O JC Criança conheceu mais uma banda, a do Colégio São Francisco de Assis, na Bela Vista. O maestro Edson Luiz Cortez Fernandes a comanda desde 1998, ano em que o grupo nasceu. No repertório, clássicos como a canção “A banda”, de Chico Buarque, e novas músicas, como “Poeira”, de Ivete Sangalo. Dá até pra dançar!

O maestro conta que a banda têm 30 componentes divididos em instrumentos de sopro e percussão. Todos os músicos são alunos da escola. Além da parte musical, o grupo conta com uma comissão de frente. São as bandeiras, as balizas e o corpo coreográfico.

Calma! Já explico!

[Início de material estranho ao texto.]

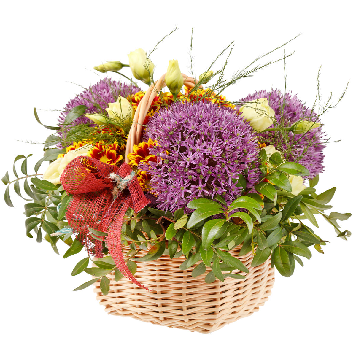 Яркая композиция из аллиума, белой эустомы и желто-красной кустовой хризантемы, дополненная свежей зеленью, создает атмосферу праздника. Корзина выполнена из натурального материала и украшена красной лентой. Возможны варианты оформления в плетёной или ротанговой корзине. Прекрасный подарок для любимой на день рождения или годовщину.
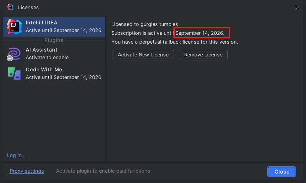 3、激活成功教程IDEA
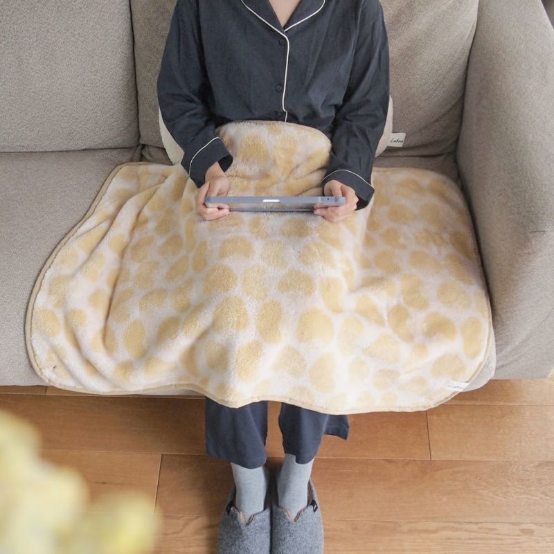 丸洗いOKの3WAYブランケットは、そのまま広げてひざかけに、ボタンを留めて腕を通すとボレロに、肩に羽織ればポンチョに早変わりと、マルチユースに活用していただけます♪
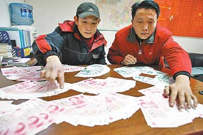 后來在一位朋友的提醒下,才想到看看錢的號碼。沒想一看,竟發(fā)現(xiàn)有很多張鈔票的號碼都是一樣的!這時大家才認真辨認,發(fā)現(xiàn)這些“錢”摸上去比較薄,而且顏色也鮮得有些不自然,紙面非常光滑。
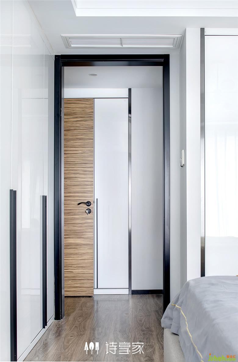 主衛(wèi)在保證正常實(shí)用空間的情況下縮短長(zhǎng)度,室內(nèi)設(shè)計(jì)師調(diào)整主臥的進(jìn)門(mén)位置,辟出一整面衣柜,增加儲(chǔ)物功能的同時(shí)還增加了主臥的私密性和舒適性。
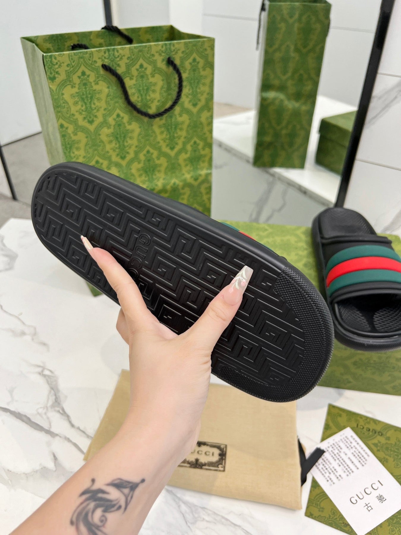 PLATFORM SLIPPERS IN BLACK MIX GREEN AND RED IMPORTED TPU
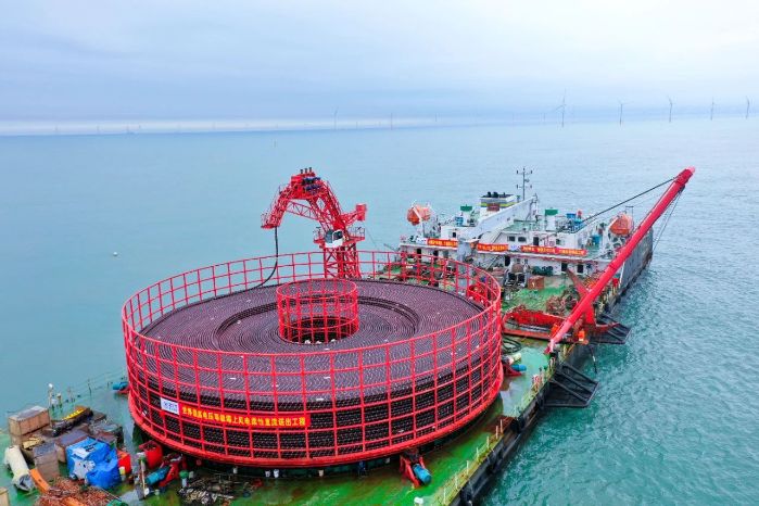 ▲ 成功应用±400千伏交联聚乙烯绝缘光纤复合直流海底电力电缆的江苏如东海上风电场
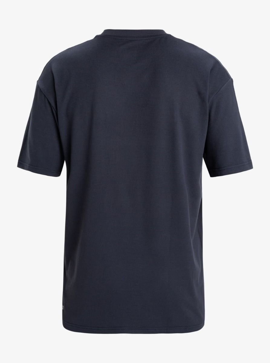 La camiseta anti-abrasión para hombre Everyday Surf Tee S/S UPF 50+ en tono azul marino oscuro (Dark Navy) de Quiksilver está confeccionada con tejido finamente cepillado en mezcla de 92% poliéster reciclado y 8% elastano, que absorbe la humedad, elimina el sudor y mantiene la piel seca.
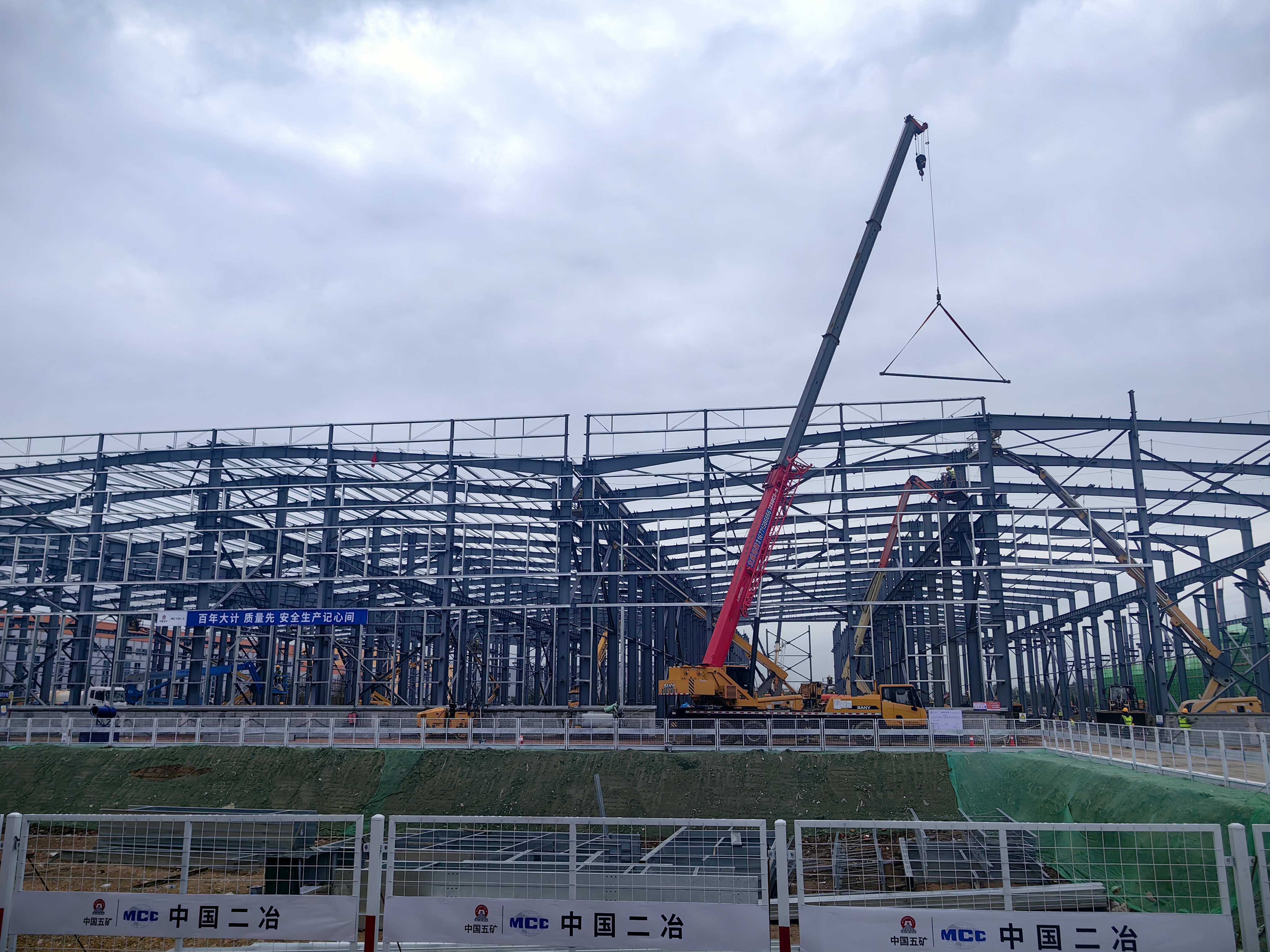 節(jié)日期間,坯料車間A~H軸鋼結(jié)構(gòu)主體鋼柱、鋼梁全部安裝挖畢,10月3日開始屋面檁條安裝。該項(xiàng)目至8月20日入場施工以來,僅用43天累計(jì)完成坯料車間土方開挖70000立方米,換填混砂15000立方米,基礎(chǔ)砼澆注3985立方米,鋼結(jié)構(gòu)安裝1400噸。目前,坯料車間主體完成55%,熔煉車間土方開完完成,基礎(chǔ)澆注完成,氫碎車間土方開挖完成。

As balizas são as meninas que vão à frente da banda, interpretando a música que está sendo tocada e muitas vezes fazendo malabarismos. O corpo coreográfico é como se fosse o “balé” do grupo.

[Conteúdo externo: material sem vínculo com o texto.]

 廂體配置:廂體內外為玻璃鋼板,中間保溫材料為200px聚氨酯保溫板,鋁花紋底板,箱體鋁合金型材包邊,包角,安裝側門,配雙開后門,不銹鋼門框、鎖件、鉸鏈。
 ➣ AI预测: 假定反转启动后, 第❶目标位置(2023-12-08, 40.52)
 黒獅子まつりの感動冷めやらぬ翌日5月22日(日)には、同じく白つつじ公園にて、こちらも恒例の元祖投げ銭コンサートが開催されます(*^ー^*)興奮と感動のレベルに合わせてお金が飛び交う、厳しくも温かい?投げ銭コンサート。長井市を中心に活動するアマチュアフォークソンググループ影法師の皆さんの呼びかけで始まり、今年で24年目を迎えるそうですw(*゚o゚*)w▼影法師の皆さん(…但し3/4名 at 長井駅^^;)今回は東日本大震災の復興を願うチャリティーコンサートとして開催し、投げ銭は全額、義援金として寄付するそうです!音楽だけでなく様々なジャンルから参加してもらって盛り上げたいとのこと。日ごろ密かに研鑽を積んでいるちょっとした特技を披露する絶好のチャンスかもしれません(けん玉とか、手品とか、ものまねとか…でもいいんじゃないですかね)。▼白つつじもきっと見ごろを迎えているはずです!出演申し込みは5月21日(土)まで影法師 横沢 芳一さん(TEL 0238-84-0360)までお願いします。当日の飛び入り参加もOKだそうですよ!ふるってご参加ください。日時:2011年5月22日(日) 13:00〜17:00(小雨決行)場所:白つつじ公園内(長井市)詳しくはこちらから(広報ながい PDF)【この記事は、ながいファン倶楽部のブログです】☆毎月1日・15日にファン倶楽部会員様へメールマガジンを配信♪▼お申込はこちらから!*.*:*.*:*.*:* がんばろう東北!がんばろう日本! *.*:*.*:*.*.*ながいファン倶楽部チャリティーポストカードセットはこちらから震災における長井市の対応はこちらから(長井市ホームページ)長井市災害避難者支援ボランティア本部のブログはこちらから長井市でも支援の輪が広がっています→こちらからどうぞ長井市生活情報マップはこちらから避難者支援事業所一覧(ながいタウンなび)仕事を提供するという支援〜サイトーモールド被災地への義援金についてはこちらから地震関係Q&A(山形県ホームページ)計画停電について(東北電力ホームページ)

A banda do São Francisco também participa de festivais de música, mas toca mais em Bauru do que em outras cidades. Este ano uma nova galerinha entrou para o grupo. Bianca de Araújo Carvalho, 8 anos e aluna do 3º ano, é a mais nova. “Meu sonho era ser baliza... Já fazia balé há cinco anos. Quero ser baliza pra sempre”, afirma.

Na parte musical, Gabrielli Nascimento Pereira e Ana Lívia Cruz Barreira, as duas com 10 anos e cursando o 5º ano, já se apresentaram com a banda. Gabi toca trompete, instrumento de sopro com bocal – parte em que o músico assopra – pequeno. “Me adaptei melhor ao trompete. Acho tudo muito legal na banda, a apresentação de sábado passado no Calçadão foi a mais legal. Tinha muita gente assistindo”, conta.

Também com um instrumento de sopro, o trombone, Ana conta que seu avô integrava a na banda da Polícia Militar e que ela achava um máximo vê-lo tocar. “Tentei os pratos, mas não gostei muito, aí passei para o trombone, igual ao meu avô”, explica.